The first ball we draw is blue.

What is the probability of \(B_1\)? Our intuition tells us to set:

\[ p(B_1|I) = \frac{4}{10} = \frac{2}{5}. \]

What just did has a name. It is known as the principle of insufficient reason. We will learn more about it later.

We can now use the obvious rule to find the probability of drawing a red ball, i.e., of \(\neg B_1\). Of course, \(\neg B_1\) is just the sentence:

The first ball we draw is red.

So, let’s call it also \(R_1\). It is:

\[ p(R_1|I) = p(\neg B_1|I) = 1 - p(B_1|I) = 1 - \frac{2}{5} = \frac{3}{5}. \]

Now let’s do something else. Let’s say we observe the first draw and we want to calculate the probability of drawing a blue ball on the second draw. Consider the causal graph of the problem. We need to fill the node corresponding to the first draw with color:

Hide code cell source
gu3 = Digraph('Urn3')
gu3.node('reds', label='# red balls', style='filled')
gu3.node('blues', label='# blue balls', style='filled')
gu3.node('first', label='1st draw', style='filled')
gu3.node('second', label='2nd draw')
gu3.edge('reds', 'first')
gu3.edge('blues', 'first')
gu3.edge('first', 'second')
gu3.edge('reds', 'second')
gu3.edge('blues', 'second')
gu3.render('urn3_graph', format='png')
gu3
../_images/02d8f39a8cd40d5c4bd00edd26e0c6a2bd3decbf96111aacd3f48c07401c3547.svg

Consider the sentence \(R_2\):

The second ball we draw is red.

Suppose we know that \(B_1\) is true, i.e., the first ball we draw is blue. What is the probability of \(R_2\) given that \(B_1\) is true? We can use common sense to find this probability:

  • We had ten balls, six red and four blue.

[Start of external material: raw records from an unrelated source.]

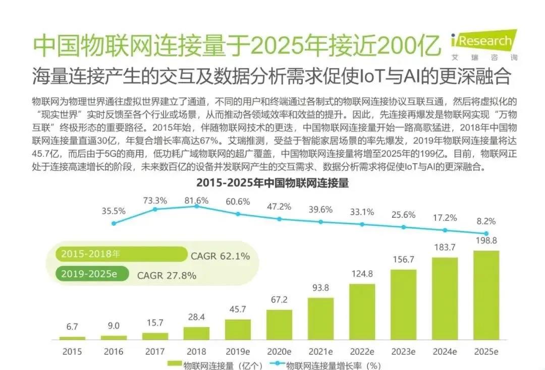 白皮書顯示,預(yù)計2025年我國物聯(lián)網(wǎng)連接數(shù)近200億個,萬物喚醒、海量連接將推動各行各業(yè)走上智能道路。2019年,受益于城市端AIoT業(yè)務(wù)的規(guī)模化落地及邊緣計算的初步普及,中國AIoT市場規(guī)模突破3000億大關(guān)直指4000億量級,由于AIoT在落地過程中需要重構(gòu)傳統(tǒng)產(chǎn)業(yè)價值鏈,未來幾年發(fā)展節(jié)奏較為穩(wěn)定。當(dāng)前AIoT技術(shù)和商業(yè)快速落地,然而,認(rèn)知智能層面的發(fā)展仍然較慢,行業(yè)標(biāo)準(zhǔn)與規(guī)范化不足,大規(guī)模物聯(lián)網(wǎng)設(shè)備的安全問題也有待重視。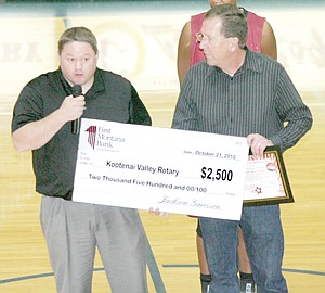 First Montana Bank President Jackson Garrison presents a $2,500 check to Rotary President Darren Coldwell.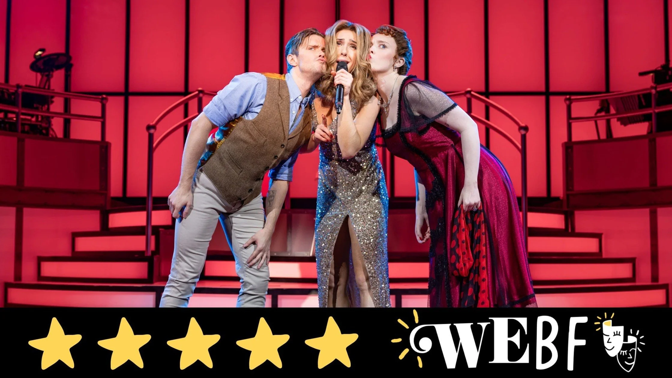 Celine Dion has been described as the ‘Queen of Power Ballads’ and Lauren Drew rises to the challenge of this title with ease. Her powerhouse vocals are out of this world and her side-splitting French-Canadian accent is the perfect combination of homage and jest. Drew oozes charisma: her casting and comedic timing are perfection. The improv scene with Rob Houchen and Kat Ronney as Jack and Rose brings tears of laughter to our eyes.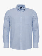 Camisa Regular Fit Dobby Azul Manga Comprida Com Bolso Lisa
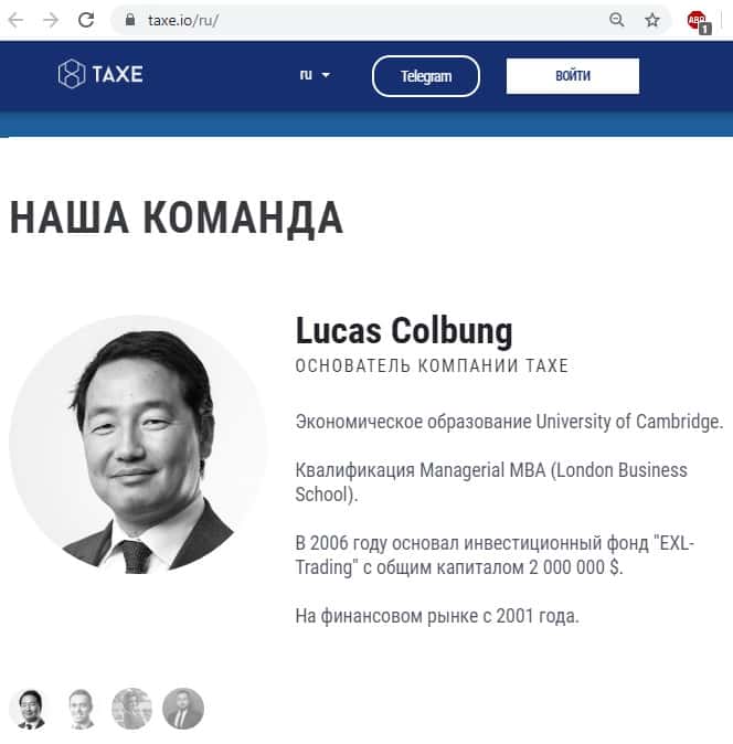 На официальном интернет-ресурсе компании Taxe Io опубликованы персональные данные участников команды руководителей этой конторы. Только, многие информационно-аналитические ресурсы Интернета, очень сомневаются в достоверности этих сведений, и считают, что на сайте показаны фейковые персоны, фото которых взяты из Интернета.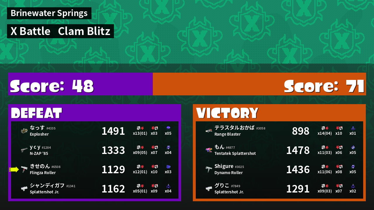 | Weapon | Flingza Roller ( Ink Mine / Tenta Missiles) | ||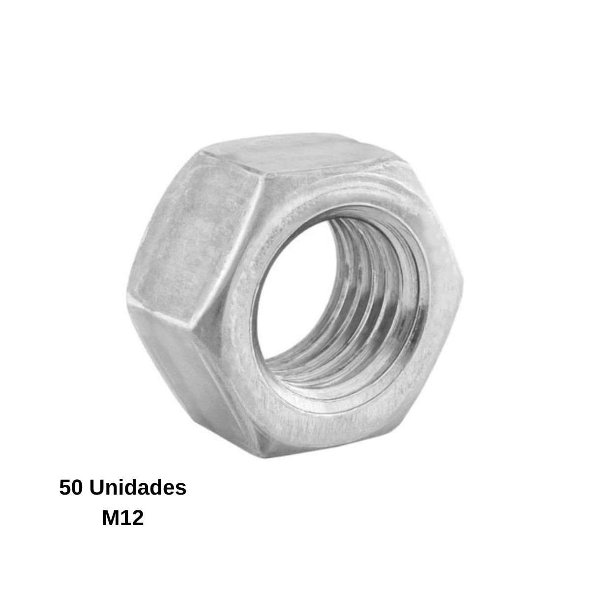 50 Unidade Porca Sextavada M12 Rosca Grossa MA 1,75 Classe 6 Zincada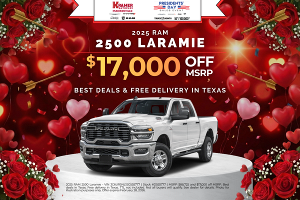 2025 RAM 2500 Laramie - VIN 3C6UR5NL1SG555777 | Stock #D555777 | MSRP $88,725 and $17,000 off MSRP. Best deals in Texas. Free delivery in Texas. TTL not included. Not all buyers will qualify. See dealer for details. Photo for illustration purposes only. Offer expires February 28, 2026.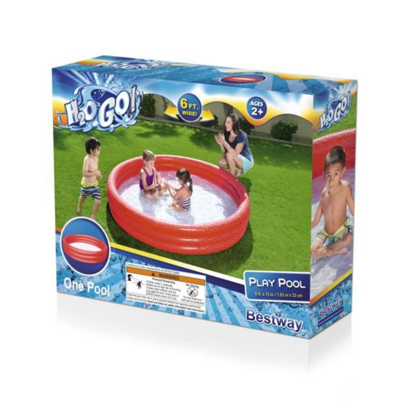 Marca: Bestway. Medidas producto inflado: 183 x 183 x 33 cm. Peso: 1.412 kg. Material: Vinilo. Capacidad: 480 Litros. Color: Multicolor. Edad recomendada: Más de 2 años. Características: Diseñada para que los niños correteen y disfruten fuera de casa. Esta piscina de juegos tine 3 anillos del mismo tamaño y unas dimensiones ideales para que los más pequeños se pasen el día jugando. Incluye: Un parche de reparación. Medidas de la caja: 7 x 30 x 24 cm

  • Since \(B_1\) is true (the first ball was blue), we now have six red and three blue balls.

  • Therefore, the probability that we draw a red ball next is:

\[ p(R_2|B_1,I) = \frac{6}{9} = \frac{2}{3}. \]

Similarly, we can find the probability that we draw a red ball in the second draw given that we drew a red ball in the first draw:

  • We had ten balls, six red and four blue.

  • Since \(R_1\) is true (the first ball is red), we now have five red and four blue balls.

  • Therefore, the probability that we draw a red ball next is:

\[ p(R_2|R_1,I) = \frac{5}{9}. \]

Okay, let’s do something more challenging. Let’s consider a second draw without observing the result of the first draw. Here is the causal graph (notice that we do not shade the first draw):

Hide code cell source
gu2 = Digraph('Urn2')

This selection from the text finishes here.